"""
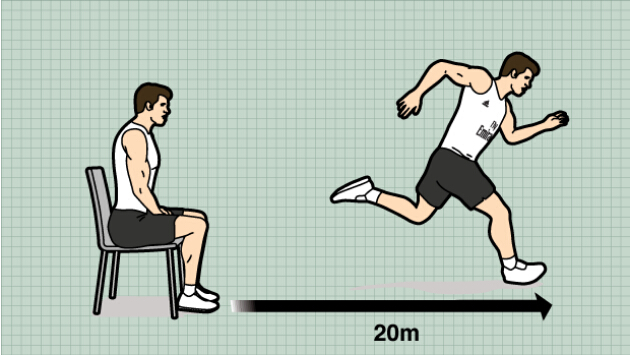 坐在长椅上,确认一系列不同距离的跑动目标,从座位向目标冲刺,直到完成20米冲刺,每3组做10遍。
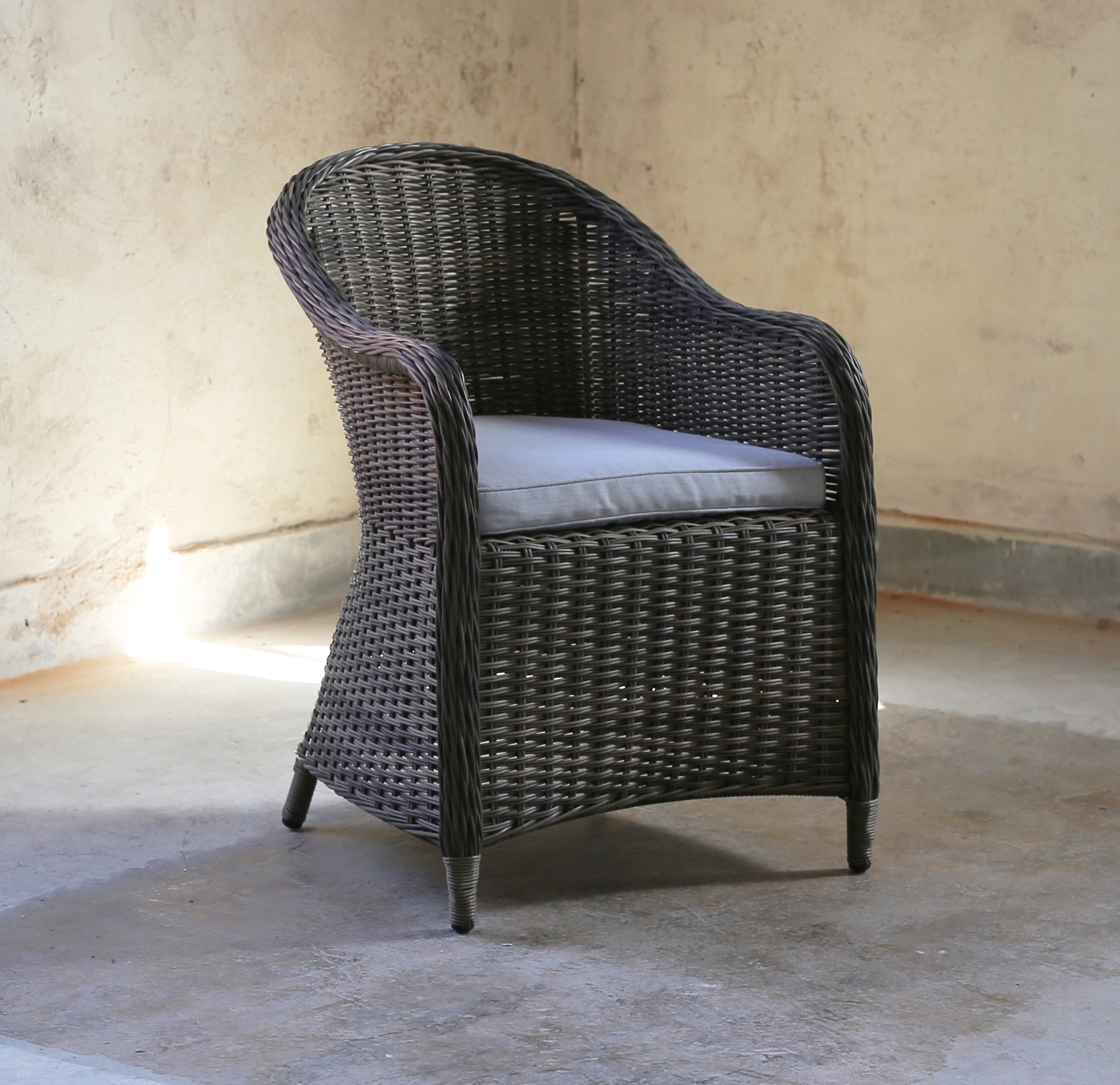 Stor och rymlig matgrupp för uteplatsen, stolar i ljusgrå/brun konstrotting med gråbeige sittdynor. Bord av gråpolywood med kryssben i vit aluminium för att ge en stabil känsla och ett väderbeständigt uteset.
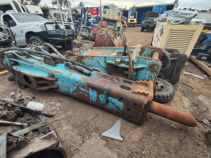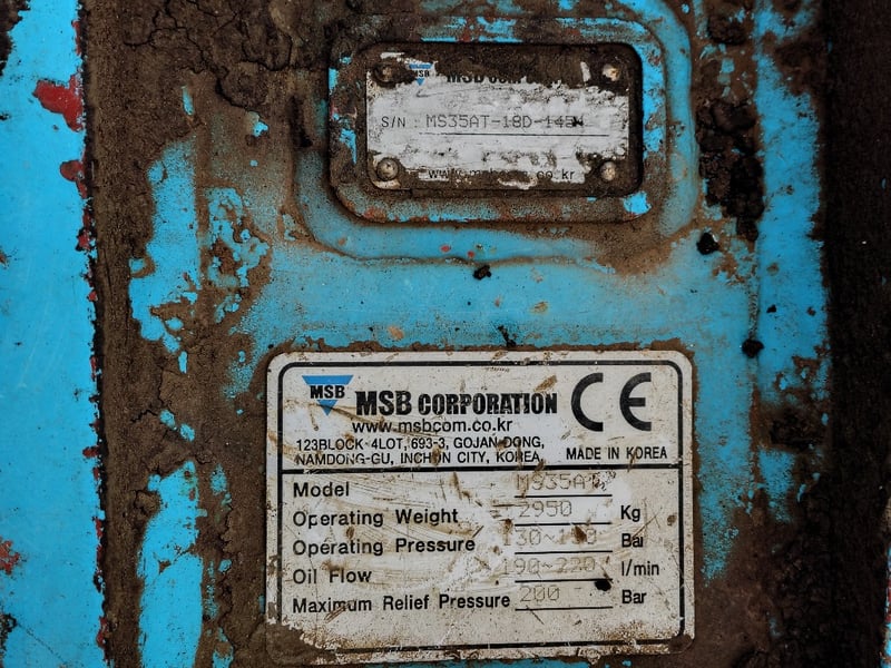 MSB MS35AT Hydraulic 35T Rock breaker AttachmentMake: MSBModel: MS35ATBody: Hydraulic Rock breakerOperating Weight: 2,950 kgOperating Pressure: 130~150 BarOil Flow: 190~220 I/minMax Relief Pressure: 200 BarS/N: MS35AT-18D-1454Pin: 90mmCenter: 390mmBetween the Ears: 520mmLocation: Campbellfield, VIC 3061 (Not in Lloyds Branch) Collection and Inspection by Appointment onlyHydraulic breaker attachment for excavator or similar heavy machinery. MSB Corporation model (Korean manufactured), serial number MS35AT-18D-1454. Cast steel construction with reinforced frame featuring dual mounting points and integrated hydraulic cylinder housing. Equipped with twin flexible hydraulic hoses and pressure relief system. Heavy-duty chisel bit with conical tip design for rock breaking and demolition work. Complete with control valve assembly and accumulator chamber. Suitable for construction, demolition, and quarrying applications. Functional components intact though cosmetic wear evident from operational use.
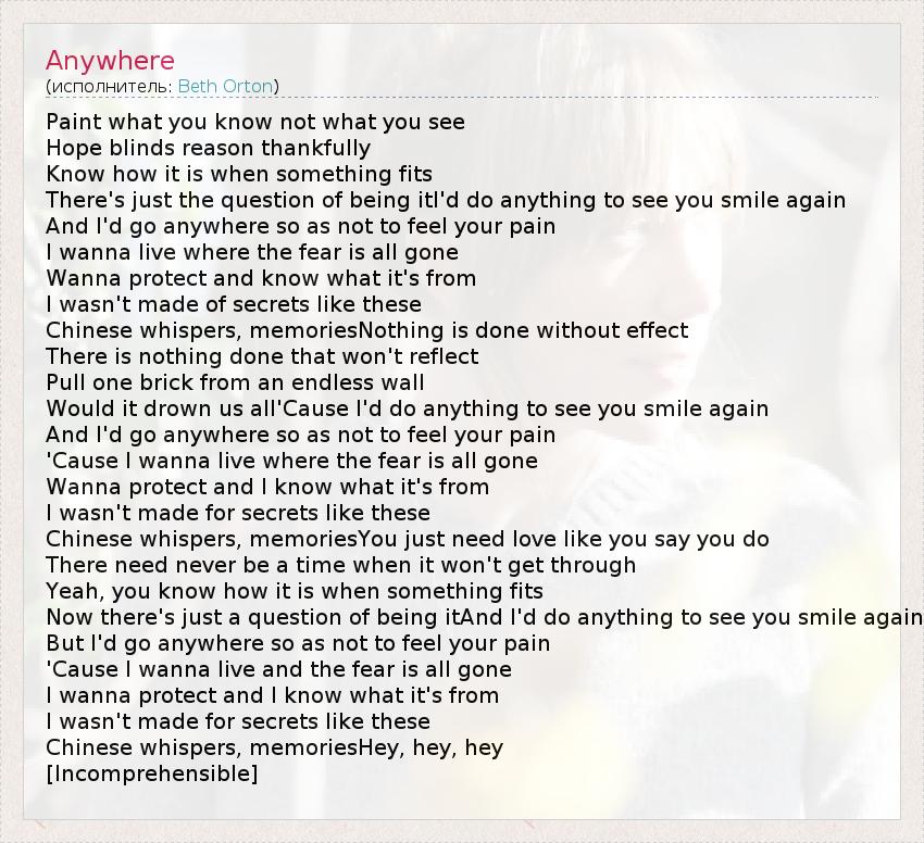 Paint what you know not what you see Hope blinds reason thankfully Know how it is when something fits There's just the question of being itI'd do anything to see you smile again And I'd go anywhere so as not to feel your pain I wanna live where the fear is all gone Wanna protect and know what it's from I wasn't made of secrets like these Chinese whispers, memoriesNothing is done without effect There is nothing done that won't reflect Pull one brick from an endless wall Would it drown us all'Cause I'd do anything to see you smile again And I'd go anywhere so as not to feel your pain 'Cause I wanna live where the fear is all gone Wanna protect and I know what it's from I wasn't made for secrets like these Chinese whispers, memoriesYou just need love like you say you do There need never be a time when it won't get through Yeah, you know how it is when something fits Now there's just a question of being itAnd I'd do anything to see you smile again But I'd go anywhere so as not to feel your pain 'Cause I wanna live and the fear is all gone I wanna protect and I know what it's from I wasn't made for secrets like these Chinese whispers, memoriesHey, hey, hey [Incomprehensible]
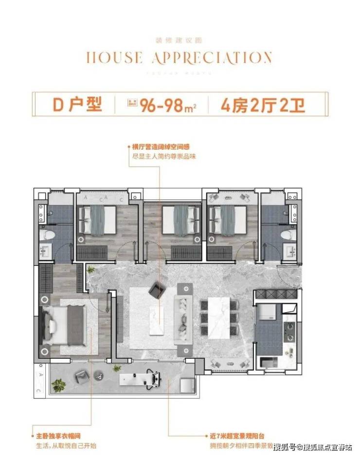 随着三孩时代来临,四房户型需求越来越多。建面约96-98㎡4房2厅2卫 ,孩子们的健康成长乐园!约7㎡超长观景阳台 ,连接客厅与主卧,奢享生活的尺度。一体化的客餐厨 ,气派程度媲美建面约120㎡中大户型 。
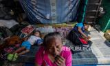 Sejumlah warga Kampung Bayam saat tidur di tenda hunian darurat di depan pintu masuk Jakarta International Stadium (JIS), Jakarta, Rabu (20/9/2023). Sebanyak 11 Kepala Keluarga (KK) yang sudah bertahan selama 10 bulan di tenda hunian darurat akibat belum bisa menempati Kampung Susun Bayam tersebut rencananya akan direlokasi ke Rusun Nagrak oleh Pemerintah Provinsi DKI Jakarta untuk pembangunan trotoar jelang perhelatan Piala Dunia U-17. (FOTO : Republika/Putra M. Akbar)
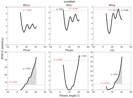 - Blankevoort, L.; Huiskes, R.; de Lange, A. Recruitment of Knee Joint Ligaments. J. Biomech. Eng. 1991, 113, 94–103. [Google Scholar] [CrossRef]
"""
§ **YOUR ASSIGNMENT**: Set down every line of the entries above again, exactly as written, but not the pictures.

§ **SOLUTION TO THIS EXERCISE**:
 坐在长椅上,确认一系列不同距离的跑动目标,从座位向目标冲刺,直到完成20米冲刺,每3组做10遍。
 Stor och rymlig matgrupp för uteplatsen, stolar i ljusgrå/brun konstrotting med gråbeige sittdynor. Bord av gråpolywood med kryssben i vit aluminium för att ge en stabil känsla och ett väderbeständigt uteset.
 MSB MS35AT Hydraulic 35T Rock breaker AttachmentMake: MSBModel: MS35ATBody: Hydraulic Rock breakerOperating Weight: 2,950 kgOperating Pressure: 130~150 BarOil Flow: 190~220 I/minMax Relief Pressure: 200 BarS/N: MS35AT-18D-1454Pin: 90mmCenter: 390mmBetween the Ears: 520mmLocation: Campbellfield, VIC 3061 (Not in Lloyds Branch) Collection and Inspection by Appointment onlyHydraulic breaker attachment for excavator or similar heavy machinery. MSB Corporation model (Korean manufactured), serial number MS35AT-18D-1454. Cast steel construction with reinforced frame featuring dual mounting points and integrated hydraulic cylinder housing. Equipped with twin flexible hydraulic hoses and pressure relief system. Heavy-duty chisel bit with conical tip design for rock breaking and demolition work. Complete with control valve assembly and accumulator chamber. Suitable for construction, demolition, and quarrying applications. Functional components intact though cosmetic wear evident from operational use.
 Paint what you know not what you see Hope blinds reason thankfully Know how it is when something fits There's just the question of being itI'd do anything to see you smile again And I'd go anywhere so as not to feel your pain I wanna live where the fear is all gone Wanna protect and know what it's from I wasn't made of secrets like these Chinese whispers, memoriesNothing is done without effect There is nothing done that won't reflect Pull one brick from an endless wall Would it drown us all'Cause I'd do anything to see you smile again And I'd go anywhere so as not to feel your pain 'Cause I wanna live where the fear is all gone Wanna protect and I know what it's from I wasn't made for secrets like these Chinese whispers, memoriesYou just need love like you say you do There need never be a time when it won't get through Yeah, you know how it is when something fits Now there's just a question of being itAnd I'd do anything to see you smile again But I'd go anywhere so as not to feel your pain 'Cause I wanna live and the fear is all gone I wanna protect and I know what it's from I wasn't made for secrets like these Chinese whispers, memoriesHey, hey, hey [Incomprehensible]
 随着三孩时代来临,四房户型需求越来越多。建面约96-98㎡4房2厅2卫 ,孩子们的健康成长乐园!约7㎡超长观景阳台 ,连接客厅与主卧,奢享生活的尺度。一体化的客餐厨 ,气派程度媲美建面约120㎡中大户型 。
 Sejumlah warga Kampung Bayam saat tidur di tenda hunian darurat di depan pintu masuk Jakarta International Stadium (JIS), Jakarta, Rabu (20/9/2023). Sebanyak 11 Kepala Keluarga (KK) yang sudah bertahan selama 10 bulan di tenda hunian darurat akibat belum bisa menempati Kampung Susun Bayam tersebut rencananya akan direlokasi ke Rusun Nagrak oleh Pemerintah Provinsi DKI Jakarta untuk pembangunan trotoar jelang perhelatan Piala Dunia U-17. (FOTO : Republika/Putra M. Akbar)
 - Blankevoort, L.; Huiskes, R.; de Lange, A. Recruitment of Knee Joint Ligaments. J. Biomech. Eng. 1991, 113, 94–103. [Google Scholar] [CrossRef]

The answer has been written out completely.